We had just opened the regional premiere of Adding Machine: A Musical at Theatre Three in Dallas. Cynically funny and complex, Jason Loewith and Joshua Schmidt’s 2009 Off-Broadway musical is an adaptation of the 1923 play The Adding Machine by Elmer Rice. It centers on Mr. Zero on the day of his twenty-fifth anniversary at a dead-end accounting job at a department store. When he realizes he’s to be fired and replaced by a highly efficient machine, Zero murders his boss on the spot, is summarily executed, and then, with chilling ambivalence, faces the prospect of eternal freedom in the afterlife.

This musical is itself a demanding, albeit rewarding, machine. Artistic Director Jeffrey Schmidt chose it as a part of his first curated season, saying, “I made a promise to challenge artists and audiences; Adding Machine demands focus from both. You don’t casually watch this show and you definitely don’t casually perform it.” Our music director, Mark Mullino, often noted that the eclectic, sophisticated score surpassed Sondheim in vocal and instrumental difficulty. At our first rehearsal, director Blake Hackler further challenged us to consider the state of a person bereft of voice, power, or agency. He worked to heighten each moment with sharp specificity and to mine every opportunity for dark humor or desperation. The exceptional design team included choreographer Danielle Giorgiou, whose stylized movement – whether expressing romantic ideals or sadistic morality – added a sense of repetitive entrapment. And set designer Jocelyn Girigorie created a stark, nimble, and disturbingly uncertain black-and-white 1920s-era existence.

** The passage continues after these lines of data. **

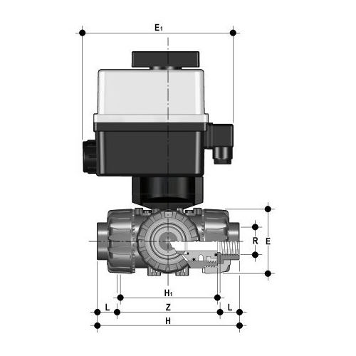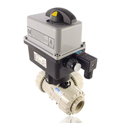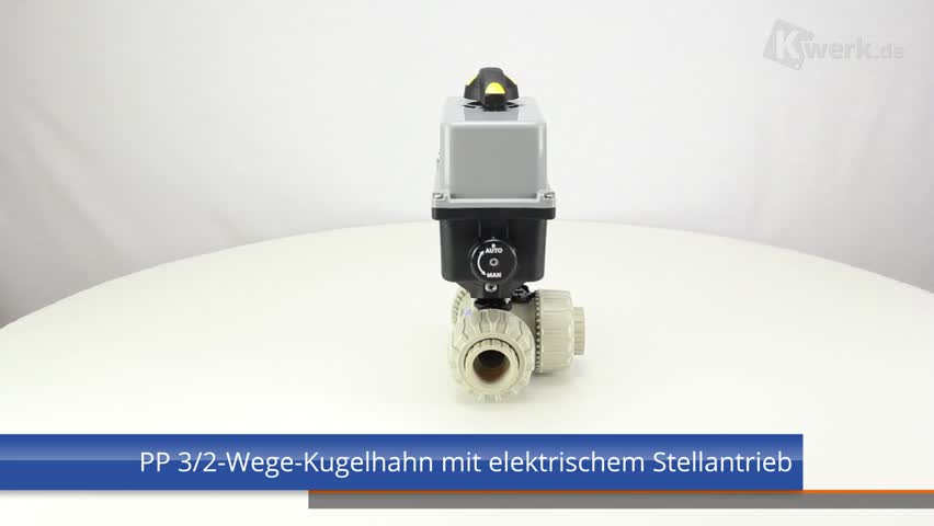 3/2-Wege-Kugelhahn aus PP mit elektrischem Stellantrieb
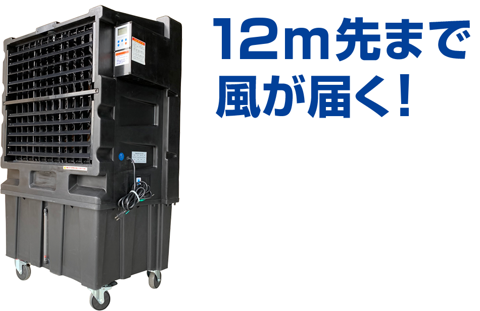 冷やした空気を12m先まで送り出すパワフル設計です。工事不要でキャスター付きなので、設置後も使いたい場所に移動できます。
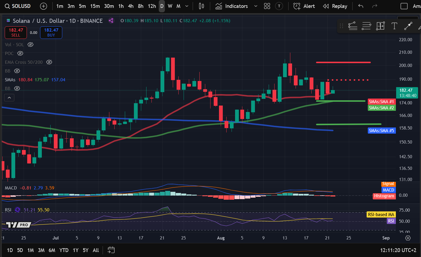 Sellers retained control on Friday as SOL fell 3.48%, slipping below $190 and settling at $185. Price action was positive over the weekend as SOL rose 2.06% on Saturday and 0.73% on Sunday to reclaim $190 and settle at $191. However, it was back in the red on Monday, dropping over 4% to $183. Sellers retained control on Tuesday as SOL fell 3.69% and settled at $176. Despite the selling pressure, it made a strong recovery on Wednesday, rising almost 7% to $188. SOL was back in the red on Thursday, dropping over 4% to $180. The current session sees SOL up 1.14%, trading around $182 after reaching an intraday high of $185.

We were aware that a show this eclectic and this varied in potential cultural relevance would prompt a range of diverse responses from our audiences. Alongside Mr. Zero’s anti-hero narrative, the show features a number of equally provocative characters, all stuck in the Machine of Life, foolishly determined that their efforts within the system will eventually add up to something meaningful. I played Mrs. Zero, Mr. Zero’s bitter, bickering wife of twenty-five years. Then there’s Daisy, Mr. Zero’s naive accounting assistant, who longs for him to requite her unconfessed love. In prison, Zero meets Shrdlu, a man who has lived his entire life in fervent submission to his strict and self-righteous mother. Even the ensemble characters (Mr. and Mrs. One; Mr. and Mrs. Two) reinforce a sense of shared subjugation, down to the pecking-order of their very names.

Our audiences were sure to find plenty of reasons to despise these stubbornly ignorant characters as they persist in utterly futile efforts toward what they claim to want in life. They’re trapped and frustrated, suppressing occasional urges to break free. They fantasize about taking extreme measures, only to shrug off jeopardous ideas because they “didn’t have the nerve” to follow through. Their longings intensify and overflow in impulsive “accidental-on-purpose” instances, finally reaching a violent tipping point… killing a boss, abandoning a spouse on the eve of his death, murdering a mother, or taking one’s own life.

What these humans have in common is that they each struggle with a maddening sense of powerlessness – further exacerbated by the ways in which they remain blindly complicit in their own enslavement. The final response of some of these characters when finding freedom is disconcerting as we realize that many of us, also, would rather choose to strive in vain within a fixed and false system of achievement or perfectionism or social status or moral hierarchy or racial superiority or idealistic romance or any number of other power constructs – even if it means starting all over again from status Zero – rather than to accept that our work and our worth is no greater than that of any other soul. In fact, when Mr. Zero is deeply offended by the thought of equal eternal reward for all mankind, it’s a sure sign that he may, once again, reject the Music for the Machine.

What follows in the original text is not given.